# Is Tesla the next Nortel?



## Saintor (Dec 14, 2002)

There are so many similarities. Huge numbers, a lot of hype (specially the stock value) but no money is made; it is getting worse.










Although the YTD sales are higher than last year, thanks to international, they are actually in decline for the US market.

I worked at Nortel and I feel the same scenario again.


----------



## Autoputzer (Mar 16, 2014)

They have new models coming, SUV's, etc. Right now, they're a one-trick-pony, city-only cars that are pushing $100k. I suspect that BMW's i8 is putting a dent in Tesla sales, too.


----------



## canesfins (Dec 24, 2014)

Tesla is a very nice car. They need to last the technology price adjustment downward. At 60-70k it's a no brainier.


----------



## stylinexpat (May 23, 2004)

They are nice cars but for $100K they are not cheap.


----------



## Michael Schott (Dec 7, 2007)

Autoputzer said:


> They have new models coming, SUV's, etc. Right now, they're a one-trick-pony, city-only cars that are pushing $100k. I suspect that BMW's i8 is putting a dent in Tesla sales, too.


Tesla sells 20,000-30,000 cars in the US, world wide sales of the i8 are about 10,000. These cars serve different markets so I would guess the impact of the i8 on Tesla sales is not that significant.


----------



## the_phew (Mar 4, 2014)

Tesla gets something like $25k worth of carbon credits for every sale, which they are currently hoarding. When you buy a Tahoe, Tesla makes more money off that sale than GM does. Brilliant! 

Elon's business model is to extract revenue from the artificial carbon credit marketplace created by CARB. Then the supercharger stations are a profitable way to sell stored energy back to the grid during peak hours. The cars are just a means to an end.


----------



## Autoputzer (Mar 16, 2014)

Michael Schott said:


> Tesla sells 20,000-30,000 cars in the US, world wide sales of the i8 are about 10,000. These cars serve different markets so I would guess the impact of the i8 on Tesla sales is not that significant.

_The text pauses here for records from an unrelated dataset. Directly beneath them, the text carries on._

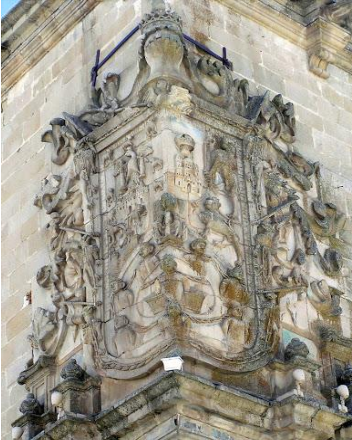
Detalle del escudo

Como ya hemos indicado, Francisca parte hacia España el 15 de marzo de 1551 (ya había sido la promotora de una construcción religiosa en Lima, la capilla en la que descansan los restos de su padre) y había dado en Panamá 38 pesos para la obra del convento de San Francisco y ordenará que
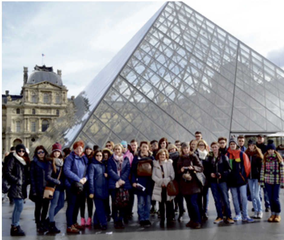
Tym razem uczniowie dwójki spędzili ferie w Paryżu.

Wtorek 24 lutego był ostatnim dniem naszego pobytu w Paryżu. Główną atrakcją tego dnia był wjazd na wieżę Eiffell oraz Łuk Triumfalny i spacer Polami Elizejskimi do Trocadero. Stamtąd udaliśmy się na
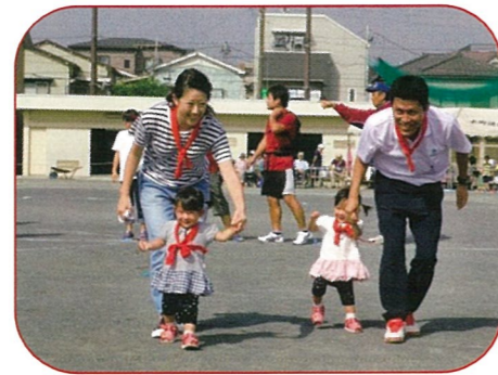
可愛い双子ちゃん！
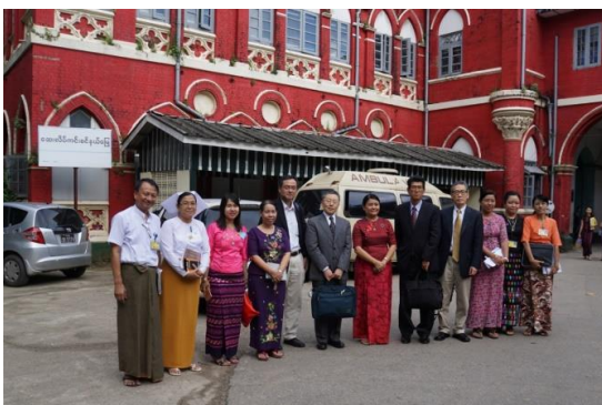
ヤンゴン中央女性病院訪問
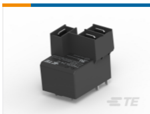
TE 产品编号1558676-6 T9GS1L24-22
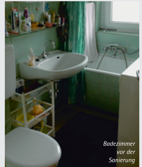
Badezimmer vor der Sanierung

Jetzt wohnen die Mieter nicht nur schön gelegen, sondern auch modern und komfortabel.
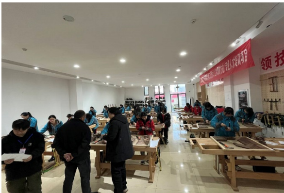
图 3-14 学生参加装饰美工（中级）和手工木工（中级）考证
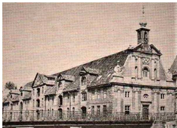
Das Alte Kaufhaus vor seiner Vernichtung

Auch befinden sich im, durch eine Wand abgetrennten Giebelbereich, einige Räume, in denen ein Kunstmaler und ein Goldschmied eine Heimstatt gefunden haben. Außerdem findet man im vorderen Dachgeschoss des Gebäudes das vor kurzem neu gegründete ostpreußische Jagdmuseum [1].
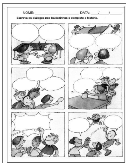
Figura 6: Atividade de produção de texto do 2º ano B

Por fim, nos deparamos com 2 propostas de textos em diálogos, no geral, histórias em quadrinhos.
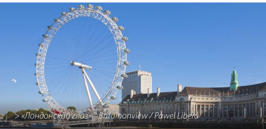
> «Лондонский глаз»
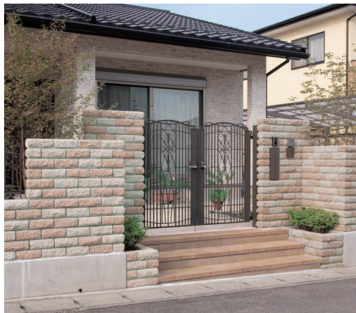
サンドベージュ、ナッツブラウン
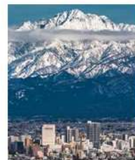
立山連峰と飛行機(富山市)
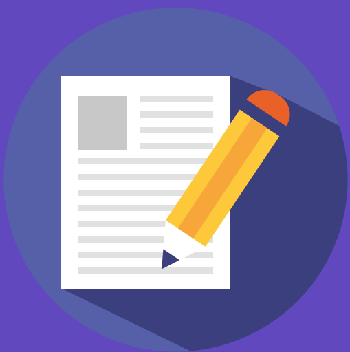
Cursos y talleres
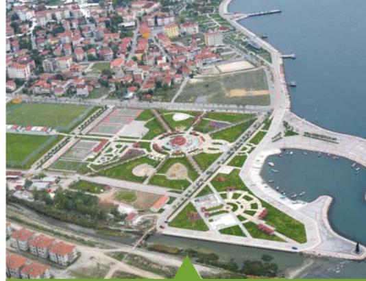
MESELA BARBAROS HAYRETTİN PAŞA PARKI
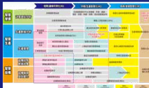
臺灣PCB智慧製造藍圖

發行單位：臺灣電路板協會 指導單位：臺灣電路板協會 自動化委員會 研究單位：臺灣經濟研究院、 財團法人資訊工業策進會 版 本：2019年
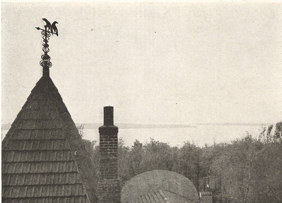
Ravnene hilser det graa Foraar.
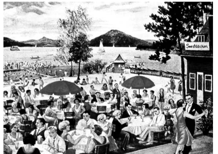
Staré zlaté časy Před staletím mířily na Hamr proudy turistů, kteří se tu ubytovávali v takzvaných letních bytch.

Po provedení oprav touto technologií bude radnice obnovené úseky v průběhu jednoho roku sledovat. Pokud se ukáže, že je tento způsob dostatečně kvalitní, využije napřesrok město této technologie v daleko větším rozsahu.
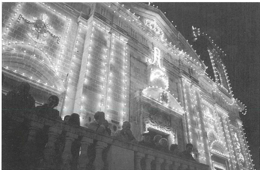
Il-faċċata tal-Knisja Parrokkjali u Kolleġġjata ta' Bormla.

Aktarx li l-ewwel taghrif uffiċjali dwar il-parroċċa ta' Bormla nsibuh fil-Vista Appostolika li kien ghamel f'Malta l-Inkwizitur Mons. Pietro Dusina fl-1575. Mons. Dusina mar Bormla fid-19 ta' Frar, 1575. Dakinhar żar il-knisja ta' Santa Marija tas-Sokkors li fiha sa minn qabel l-Assedju l-Kbir (1565) kienu jamministraw xi sagramenti. Imma ġara li fl-Assedju l-Kbir l-abitanti ta' Bormla trekknu fil-Birgu. Fir-rapport tiegħu, fost l-ohrajn, Mons. Dusina jghid li din il-Knisja ma kellhiex rettur imma kienu jiehdu hsiebha tliet prokuraturi lajċi, jghid li kienet mibnija tajjeb u li kienet miżmuma sewwa. Kellha altar maġġur u altari ohrajn, aktarx tnejn. Ma kellha ebda piżijiet u dhul, iżda fiha kien jinżamm is-Sagrament.
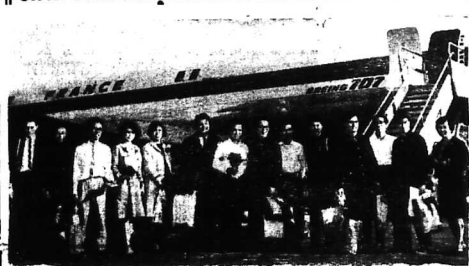
Chiêu 24-2, phái đoàn sinh viên Việt Nam 8 người thuộc «Hội nghiên cứu chính trị Đông Nam Á» đã rời Saigon về mục đích tìm hiểu tình hình VN. NHƯN (R) Đại diện phái đoàn Saigon và đại diện sứ quán Nhật tiếp rước với sinh viên tại Sân Sơn Nhữ.
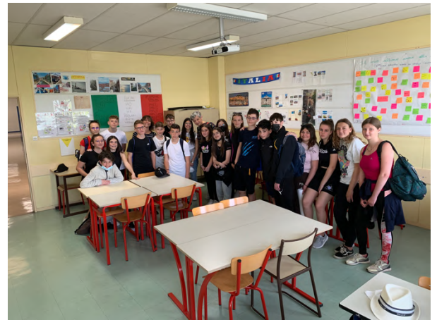
La salle de classe d'Italien
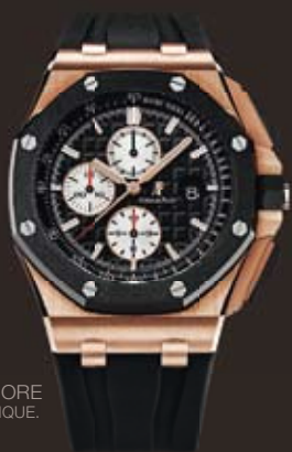
ROYAL OAK OFFSHORE EN OR ROSE ET CÉRAMIQUE. CHRONOGRAPHE.

MONTRE À L'ESTHÉTIQUE AUSSI PUISSANTE QU'AFFIRMÉE, LA ROYAL OAK OFFSHORE DISPOSE DE FONCTIONNALITÉS QUI SONT AUTANT DE SIGNATURES D'UNE MONTRE ICÔNE. SON EMBLÉMATIQUE LUNETTE OCTOGONALE ET SES POUSSOIRS SONT RÉALISÉS EN CÉRAMIQUE HAUTE DENSITÉ, INRAYABLE ET SEPT FOIS PLUS DURE QUE L'ACIER.
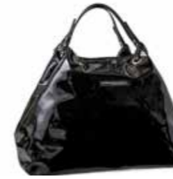
BAGS - shop per dance "scuba waffle" - art. B001 #Pagina: 36, 64

Modello che punta ad ottimizzare la capienza. Ergonomicità e stile grintoso, materiale indistruttibile d'uso sportivo e logo grograin danza. Polifunzionale, per il variegato e creativo mondo dei giovani. In nylon cordura rinforzato. 4 scomparti; 2 grandi tasche laterali, una più piccola frontale, un capiente porta scarpe sul fondo. Manico per il sostegno a mano. Robuste ed imbottite bretelle sagomate per il fissaggio sulle spalle. Fettuccia logo applicata i decoro e griffe. Misure: Altezza 45 cm, Larghezza 33 cm, Profondità 28 cm. Made in Italy.
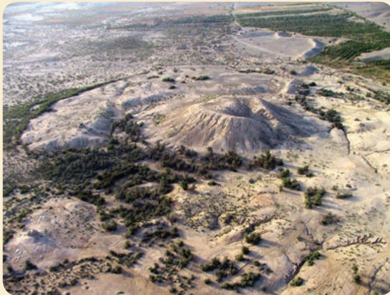
شکل ۸-۴- تپه تاریخی کنار صندل (تمدن حوزه هلیل)

وجود آثار تپه‌های تاریخی فراوان در استان کرمان دلیل قدمت چندین هزار ساله تمدن آن است.
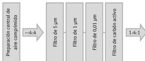
Cascada de filtración para obtener la clase 1:4:1
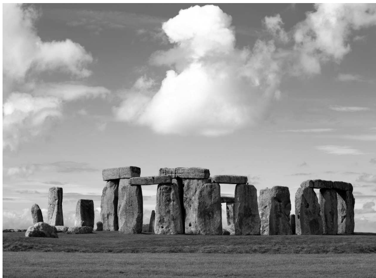
Стоунхендж. Современное фото

и бежали с поля боя. Кельты так напугали римлян, что часть горожан покинула город, а оставшиеся (и вместе с ними — остатки бежавшей армии) несколько месяцев спасались на Капитолийском холме. Рим тогда был плохо укреплен, и сеноны долго и с удовольствием жгли и грабили городские районы, правда, до Капитолия не добрались. Вернее, они несколько раз предпринимали попытки штурмовать капитолийские укрепления, но окончились они неудачей. Во время одной из таких атак, согласно Титу Ливию, римлян предупредили об опасности гуси, жившие при храме Юноны: услышав, что кельты начали карабкаться на стены, птицы начали оглушительно гоготать и разбудили караульных, которые уснули от усталости и голода. Так и возникла легенда о том, что гуси спасли Рим.

I contend that all $20k cars compete with all other $20k cars, all $100k cars compete with all other $100k cars. My short list for my last car was a X5d, 535i, or M3/4, all vastly different, but all around the $75k -$85k segment. Using that logic, the i8 is taking a 25 to 33% bite out of Tesla sales. They're both "luxury-green" vehicles.

the_phew makes a very good point. Tesla's profits are largely from various government green subsidies.


----------



## gkr778 (Feb 8, 2013)

Autoputzer said:


> the_phew makes a very good point. Tesla's profits are largely from various government green subsidies.


That makes Saintor's comparison to the former Nortel quite apt. About a decade ago, Nortel was known (and criticized) for its heavy reliance on government support via Export Development Canada.


----------



## the_phew (Mar 4, 2014)

gkr778 said:


> That makes Saintor's comparison to the former Nortel quite apt. About a decade ago, Nortel was known (and criticized) for its heavy reliance on government support via Export Development Canada.


Indeed. But CARB probably isn't going anywhere, short of some Supreme Court ruling or something. Even the Federal Government can't do much about them.


----------



## mark_m5 (Sep 16, 2006)

the_phew said:


> Elon's business model is to extract revenue from the artificial carbon credit marketplace created by CARB. Then the supercharger stations are a profitable way to sell stored energy back to the grid during peak hours. The cars are just a means to an end.


The Supercharger stations are FREE to Tesla owners.



Autoputzer said:


> I contend that all $20k cars compete with all other $20k cars, all $100k cars compete with all other $100k cars. My short list for my last car was a X5d, 535i, or M3/4, all vastly different, but all around the $75k -$85k segment. Using that logic, the i8 is taking a 25 to 33% bite out of Tesla sales. They're both "luxury-green" vehicles.
> 
> the_phew makes a very good point. Tesla's profits are largely from various government green subsidies.


Have you seen the videos of the Tesla Model S P85D racing against a Lamborghini Aventador or a Ferrari 458 Italia? I have a ton of respect for a car that can beat BOTH of those cars that cost 2-4 times as much in the first 1/8th mile.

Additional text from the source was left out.